The loft was often most prominent and costly of buildings on a major farm. Clothes, fine textile and other valuables were often kept in the upper storey which was also the finest bedroom offered to prominent guests. The lower storey was used as a storage in particular for dry food such as grain. Stately farms in East Norway could have 20 or 30 buildings (even smaller farms had more than ten) each with special function. Traditional lofts did not have heating as the dwelling or residential building (stue) was the only building with a fire place. A log-built loft could easily be dismantled and moved to another location, and many lofts have been moved several times. In some areas young brides got a loft as a gift or as dowry.
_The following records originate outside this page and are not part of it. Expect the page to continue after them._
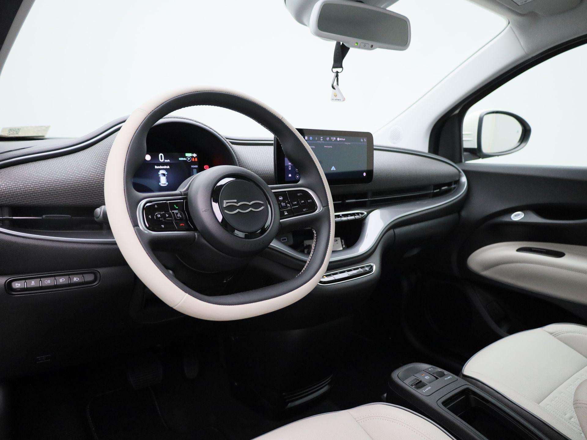 500e 42 kWh La Prima AUTOMAAT | LEDER | ADAPTIEVE CRUISE | CAMERA | NAVIGATIE | WINTERPAKKET | LMV | CLIMA |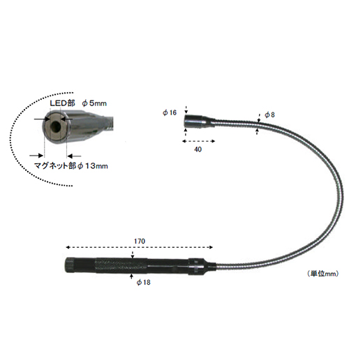 ●LEDライト付●フレキシブルシャフト長…405mm●吸着能力…約0.9kg●全長…580mm●電源…単3電池2本(別売)●材質…フレキシブルシャフト:スチール、LED部:ステンレス、ハンドル:アルミ●参考在庫数・商品詳細・サイズ情報はメーカー(参考)URLからもご確認いただけます。 ●最小出荷単位: 1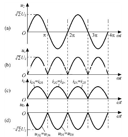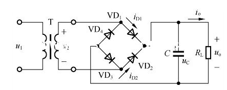 橋式整流克服了半波整流波形不連續(xù)的缺點(diǎn),由四個(gè)二極管構(gòu)成電橋。如下圖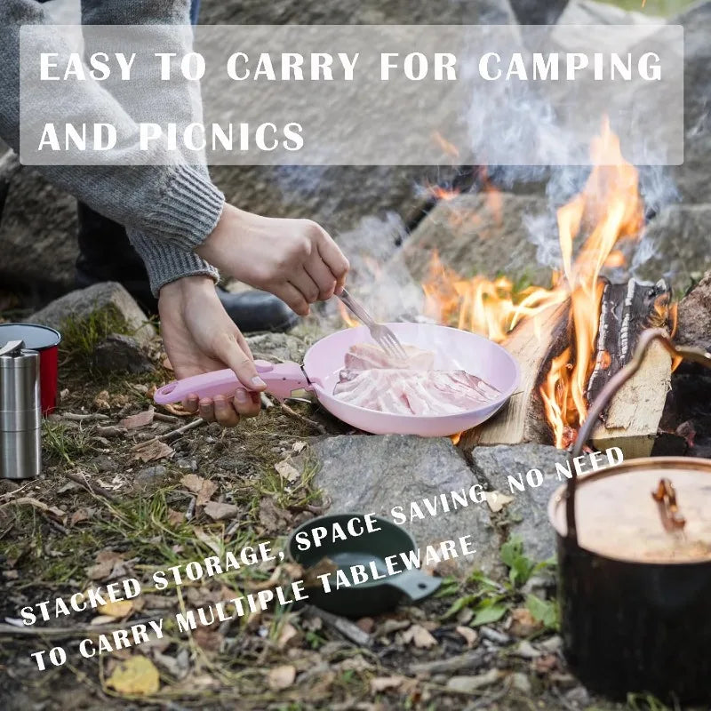 Set includes: 1x 8-inch frying pan, 1x 10-inch frying pan, 1x 2.5QT saucepan, 1x detachable handle, 1x lid (suitable for 8-inch frying pans and saucepan)

Specialised food storage buildings known as bur or stabbur in Norwegian are usually smaller, one-storey and usually without windows. Stabbur is in the German-speaking Alps known as Speicher and in Spanish hórreo. Stabbur and loft are similar buildings and are often confused. A two-storey stabbur usually has stairway indoor, whereas a loft has stairs on the outside and access to the upper storey from the external gallery or balcony.
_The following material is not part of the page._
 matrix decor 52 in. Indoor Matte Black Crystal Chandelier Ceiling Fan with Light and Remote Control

In modern Norwegian and in English, "loft" is used for the upper room or the space just under the roof in larger buildings. The word originates from Old Norse lopt, loft which also could mean air or being elevated (as in the related word løfte, English "to lift").
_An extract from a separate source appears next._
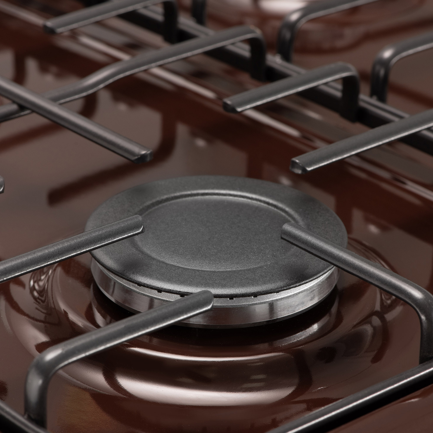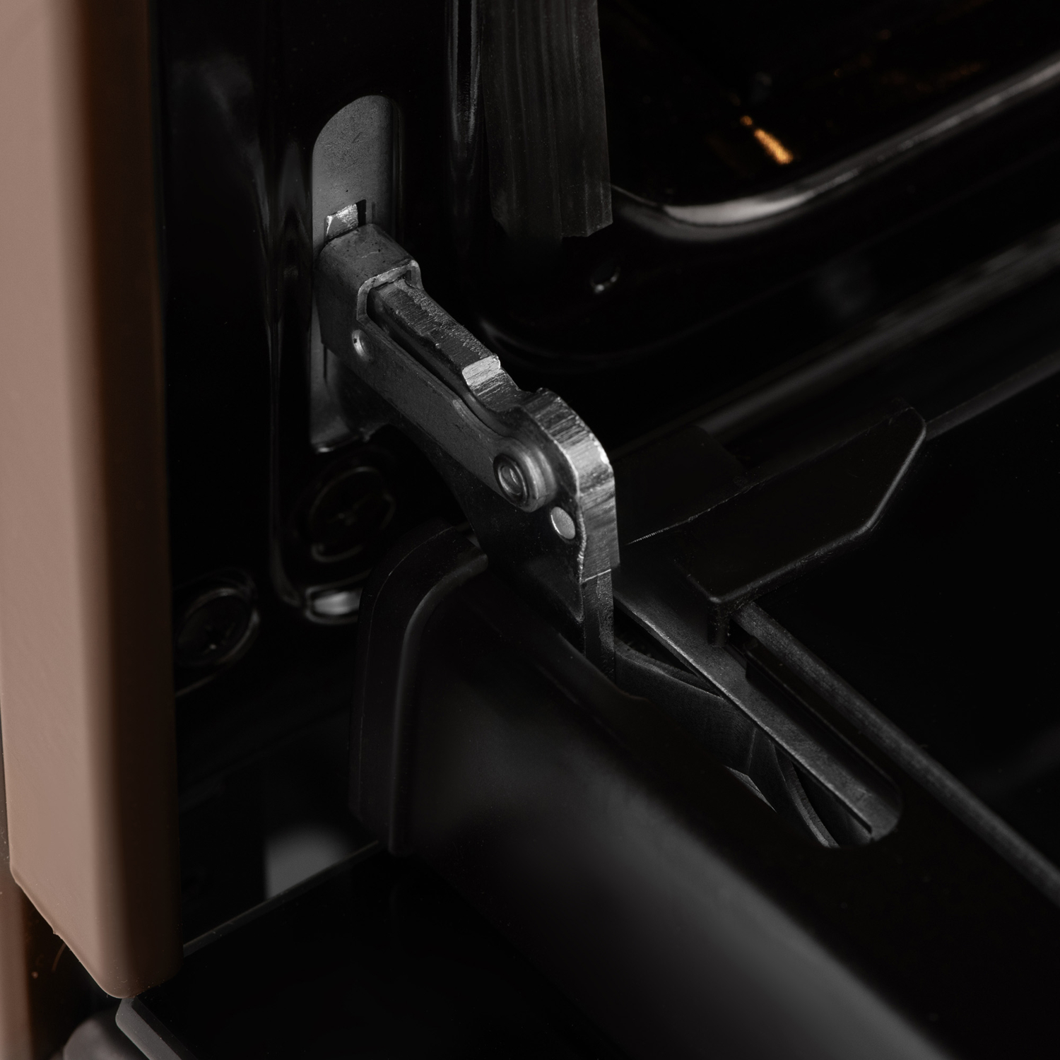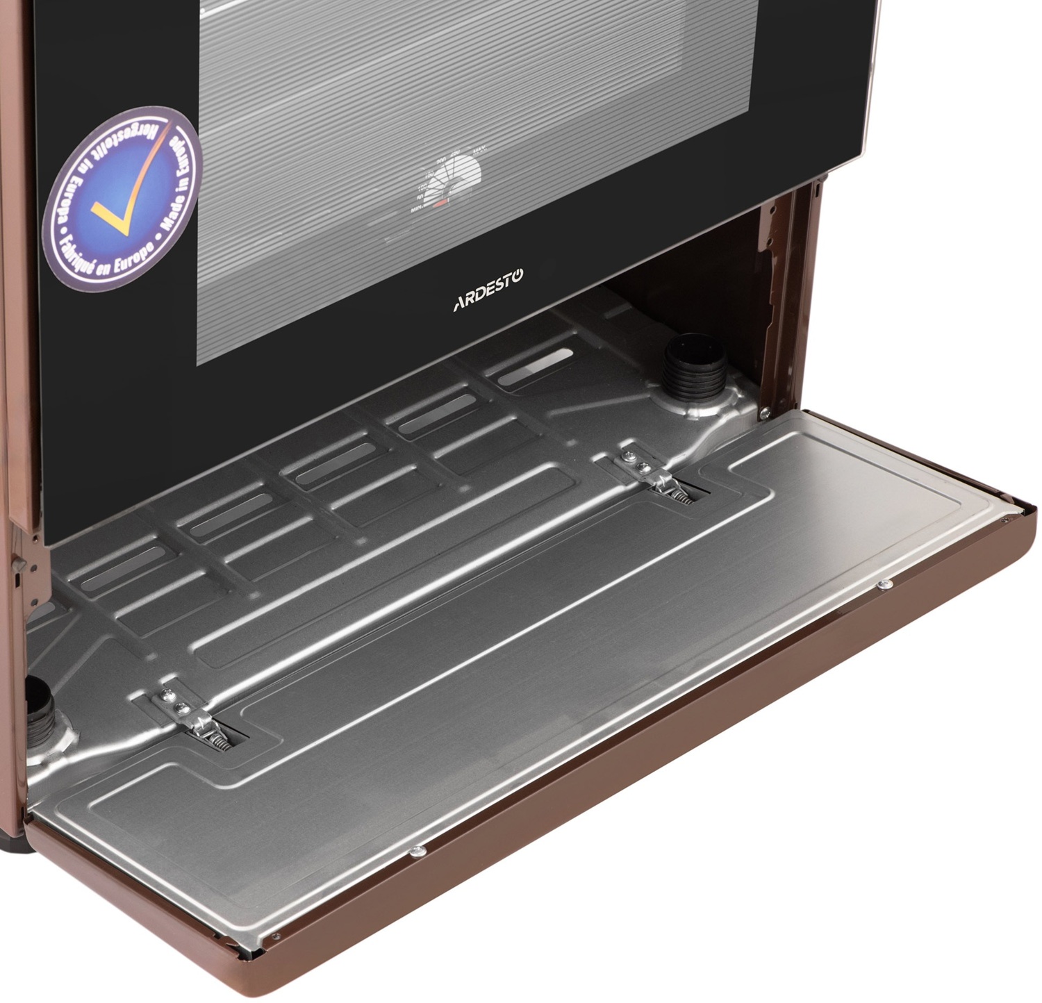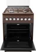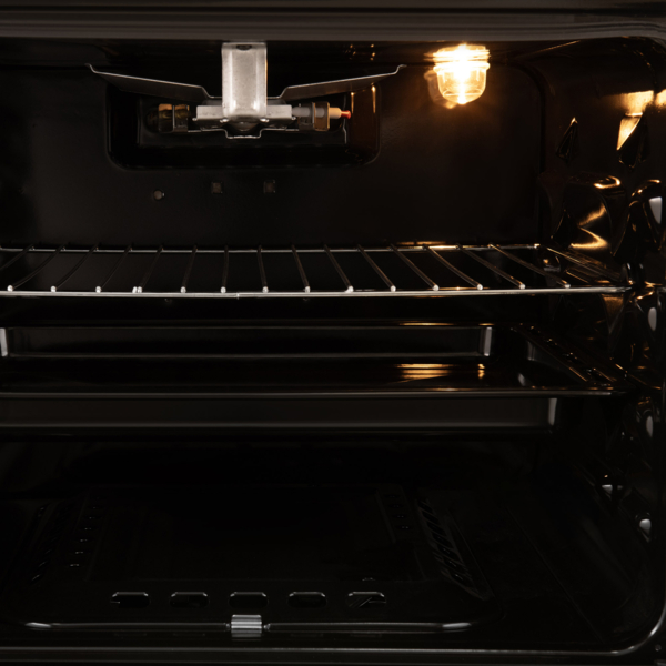 Газова духова шафа має об’єм 58 л та два нагрівальні елементи – нижній (2,75 кВт) та верхній (2,2 кВт). Завдяки п’ятьом рівням рельєфних напрямних можна регулювати відстань до джерел тепла, розміщуючи страви на оптимальній висоті для рівномірного готування – від хрустких круасанів до запеченого м’яса. Внутрішню камеру вкрито емаллю легкого очищення, що спрощує догляд. Вбудоване підсвічування дає змогу контролювати процес готування без потреби відчиняти дверцята. Дверцята мають два термостійких скла, які утримують тепло всередині, сприяючи енергоефективності й підвищуючи безпеку. Крім того, конструкцією передбачено можливість зняти внутрішнє скло дверцят, тож очистити плиту після готування – не проблема. Для зручності є механічний таймер та аналоговий термометр – традиційні, але надійні помічники для точного контролю кулінарних процесів.

Norway is one of few countries with a number of preserved medieval wooden buildings. There is a smaller number of log buildings older than 1600 in the Alps region. In Norway there are about 100 preserved medieval log buildings and the majority of these are in Telemark district. High quality craftsmanship, high quality timber and prestige of the building presumably contributed to the preservation of ancient lofts during the centuries. According to Heimskringla Olaf II of Norway slept in a loft during a travel in Lom Municipality. In Swedish Dalarna and Uppland two-storey buildings with external gallery named loft are known since late Middle Ages. Gustav I of Sweden is said to have held a speech from a loft during a visit to Dalarna in 1528. In Denmark lofts are known from medieval sources and primarily in connection with major farms. At Bornholm there were lofts (also known as stairway houses) particularly on stately or gentile farms. In Finland this type of building is known from the late Middle Ages and are called lutti or luhti (adopted from Finland Swedish lupt).